**EXERCISE PROMPT**: Locate, in the data below, the line that contains "College Days Essay: College" and the line that contains "Запорожский областной центр"; reproduce exactly those two lines and every line between them, nothing more.

SUPPLIED DATA: Begin

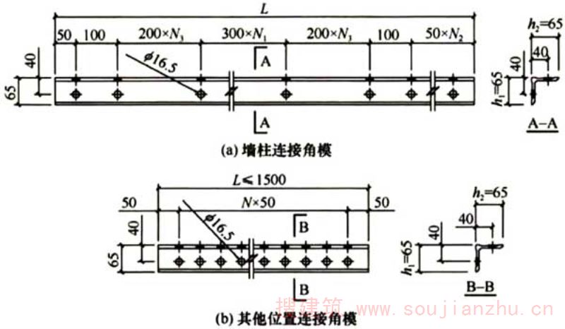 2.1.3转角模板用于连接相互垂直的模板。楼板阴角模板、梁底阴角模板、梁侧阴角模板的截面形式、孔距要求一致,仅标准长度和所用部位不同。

SUPPLIED DATA: End
SUPPLIED DATA: Begin

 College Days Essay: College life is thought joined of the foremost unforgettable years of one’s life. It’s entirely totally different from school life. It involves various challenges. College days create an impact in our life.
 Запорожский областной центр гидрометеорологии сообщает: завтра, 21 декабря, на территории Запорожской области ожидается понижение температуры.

SUPPLIED DATA: End

**RESULT FOR THIS TASK**:
 College Days Essay: College life is thought joined of the foremost unforgettable years of one’s life. It’s entirely totally different from school life. It involves various challenges. College days create an impact in our life.
 Запорожский областной центр гидрометеорологии сообщает: завтра, 21 декабря, на территории Запорожской области ожидается понижение температуры.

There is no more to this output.